─── The input ───

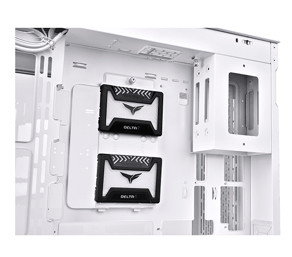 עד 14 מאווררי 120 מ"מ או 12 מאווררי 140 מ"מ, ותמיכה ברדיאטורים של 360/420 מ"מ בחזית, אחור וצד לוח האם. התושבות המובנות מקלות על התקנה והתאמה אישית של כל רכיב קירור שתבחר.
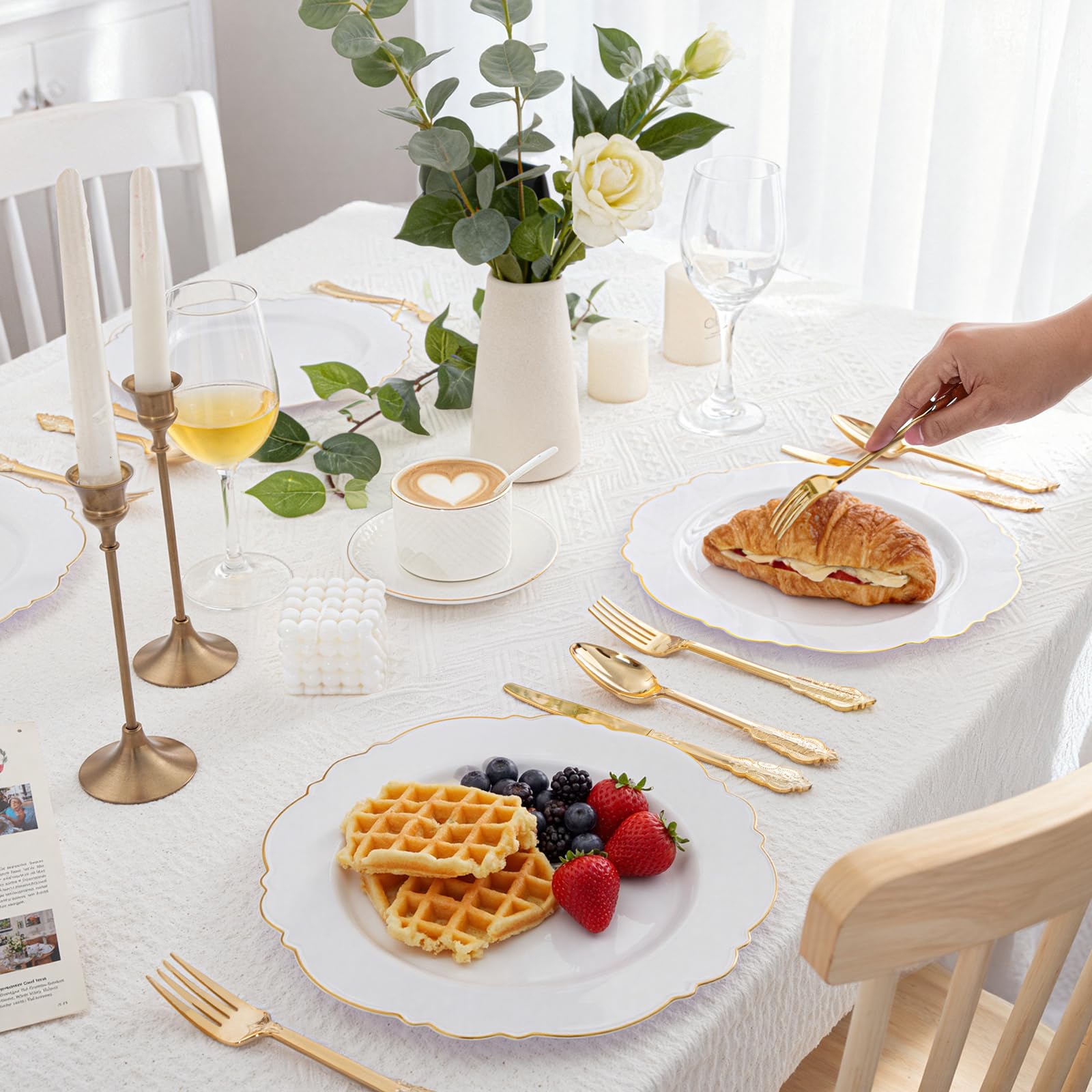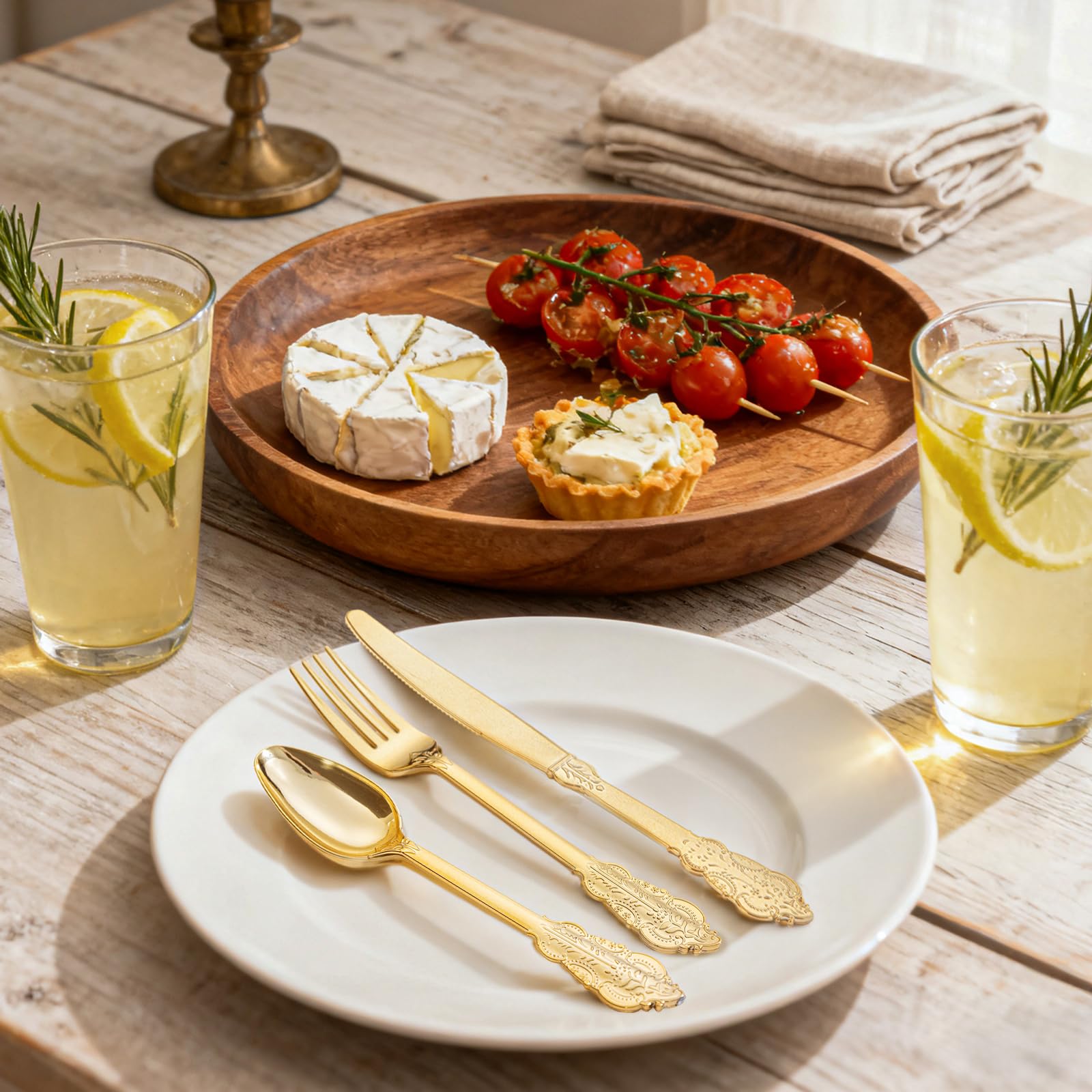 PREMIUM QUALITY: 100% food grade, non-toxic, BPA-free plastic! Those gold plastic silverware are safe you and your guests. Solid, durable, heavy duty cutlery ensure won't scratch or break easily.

───
─── The input ───

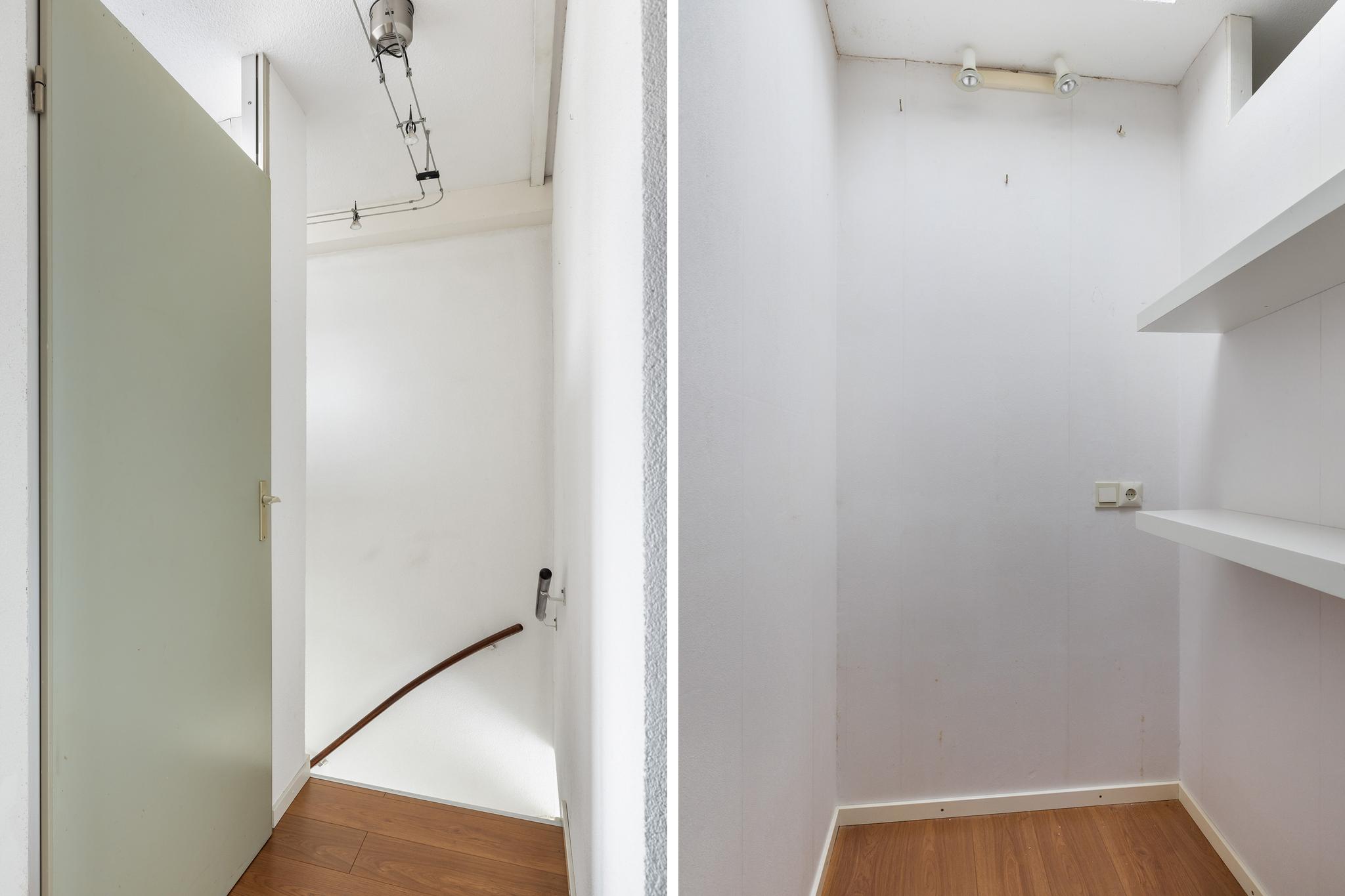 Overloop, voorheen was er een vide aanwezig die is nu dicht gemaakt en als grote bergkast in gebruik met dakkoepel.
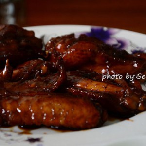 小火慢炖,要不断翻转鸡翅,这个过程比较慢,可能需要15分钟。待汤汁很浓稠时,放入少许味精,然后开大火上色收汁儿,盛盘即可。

───
─── The input ───

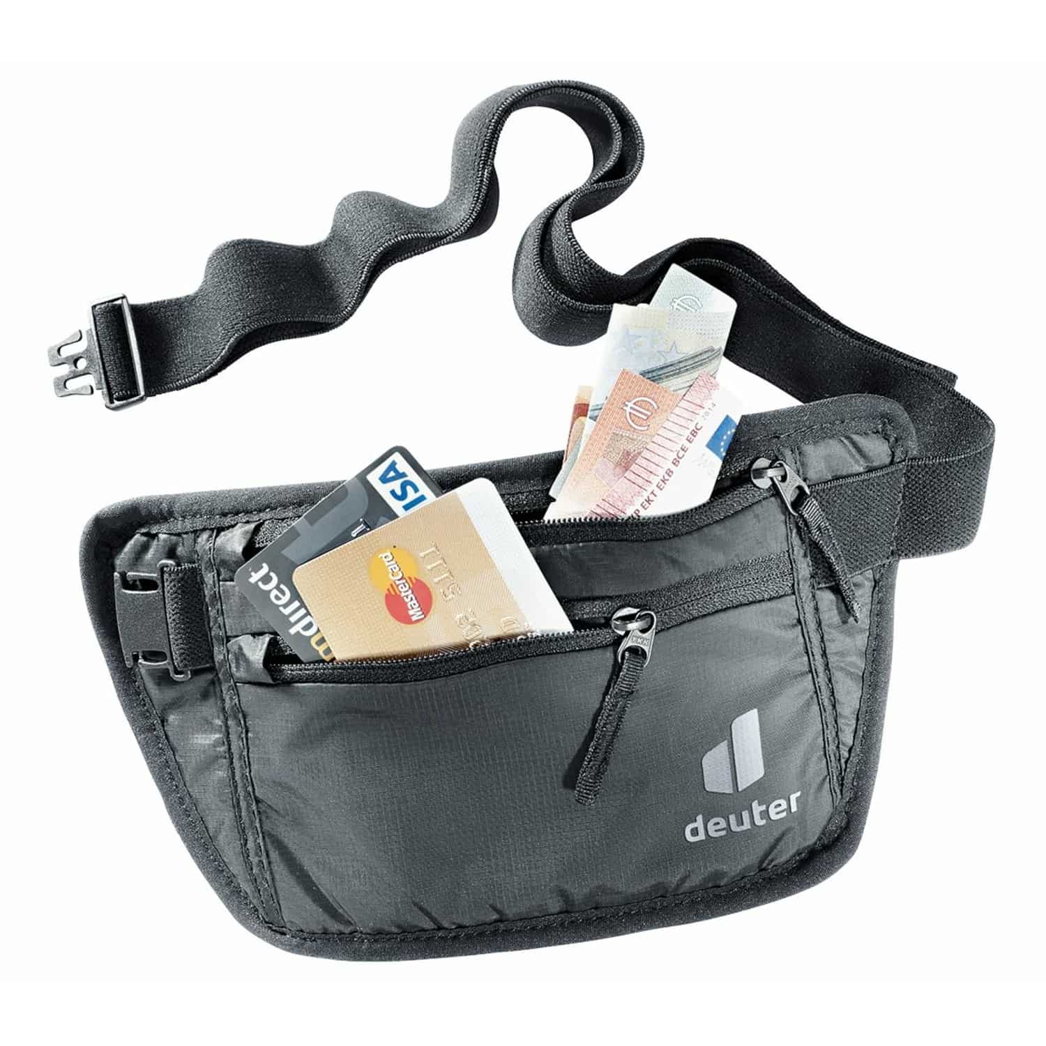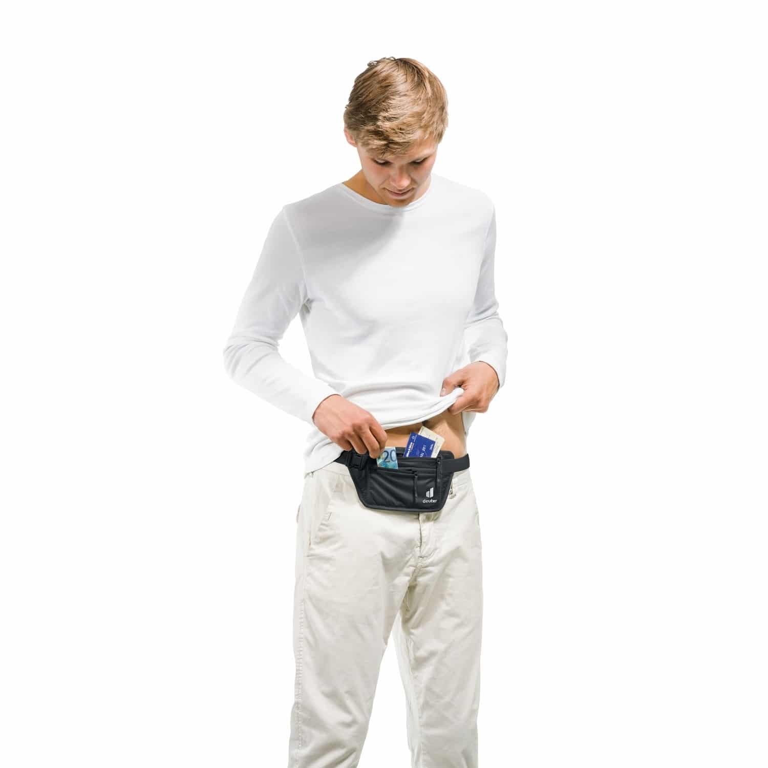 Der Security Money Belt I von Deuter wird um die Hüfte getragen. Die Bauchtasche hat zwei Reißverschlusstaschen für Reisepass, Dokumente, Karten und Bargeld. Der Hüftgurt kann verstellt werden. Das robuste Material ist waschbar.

───

Using the records above, print exactly the lines between the ones containing "Overloop, voorheen was" and "小火慢炖,要不断翻转鸡翅,这", inclusive, and nothing else; no pictures.

Exercise result:
 Overloop, voorheen was er een vide aanwezig die is nu dicht gemaakt en als grote bergkast in gebruik met dakkoepel.
 小火慢炖,要不断翻转鸡翅,这个过程比较慢,可能需要15分钟。待汤汁很浓稠时,放入少许味精,然后开大火上色收汁儿,盛盘即可。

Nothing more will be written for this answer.